По Старой Смоленской дороге | страница 24
Чем сильнее Привалов коченел, тем упорнее его воображение возвращалось к их землянке, к печке. Сапер Евстигнеев соорудил эту печку из бака для горючего, который снял с какого-то вдребезги «раскулаченного» трактора.
Нет, не ценил Привалов по-настоящему этого счастья — сидеть у печки, пышущей жаром. Достаточно прикоснуться цигаркой к железу — и можно прикуривать. Видно, как жадно втягивается махорочный дым в поддувало. Труба даже слегка поскрипывает от раскаленного воздуха. Так больно и сладко касаться трубы окоченевшими пальцами и быстро отдергивать руку.
Привалов уже не мог понять — становится ли ему теплее, когда он воображает себе печку, или, наоборот, от такой фантазии еще более морозно.
Было ощущение, что он постепенно леденеет. Из тела уходит самое последнее тепло, та малая толика, которую он прятал за пазухой как самый заветный, неприкосновенный запас: это тепло он нес еще от землянки.
Можно бы погреться и у полевой кухни; метель угомонилась, и в овраге тихо. У кухни даже лучше согреешься, чем в землянке, потому что дружок Кастусь — воин непьющий и можно выклянчить его порцию водки.
Неплохо было бы посидеть сегодня и в пустошкинской церкви, приспособленной под клуб. Там, правда, не топят, но когда славяне надышат и накурят — уже не замерзнешь. Привалов вспомнил, что сегодня в полковом клубе выступают заезжие артисты, в том числе клоун с приклеенным носом, чувствительным к морозу.
Однако холодок, как бы тут свой нос не отморозить.
Евстигнеев, не будь дурак, подобрал себе самые большие валенки во взводе; валенки впору тому, кто носит сапоги сорок шестого размера. Конечно, особой скороходности от Евстигнеева в такой обувке ждать не приходится, зато никакой мороз не прошибет три портянки…

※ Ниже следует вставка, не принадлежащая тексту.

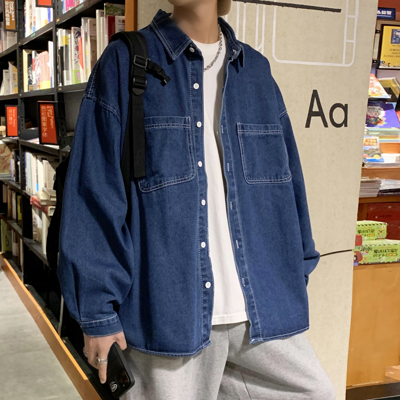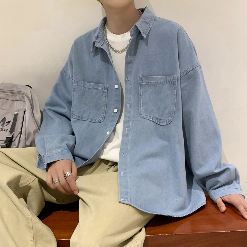 长袖韩版潮流高级感男oversize工装衬衣宽松百搭休闲牛仔衬衫外套

Привалову вспомнилось, как они лежали рядком с Евстигнеевым на исходной позиции, перед косогором. Евстигнеев тащил с собой охапку хвойных веток. А этот новенький, Иван Безродных, или Иван Бесфамильных, или Иван Беспрозванных, или Иван Бестолковых, или как там его кличут, полюбопытничал — зачем Евстигнеев тащит с собой хвою? Привалов серьезно так объяснил: «Следы свои заметать. Чтобы за нами не пустили в погоню немецких овчарок». Поверил новенький этой байке или не поверил? Все посмеялись втихомолку, а капитан на них цыкнул. Надо же, совсем кутенок! Не знает, что хвойными ветками обозначают стежку-дорожку в минном поле. Соступишь с нее — заблудишься, и поминай, как звали!..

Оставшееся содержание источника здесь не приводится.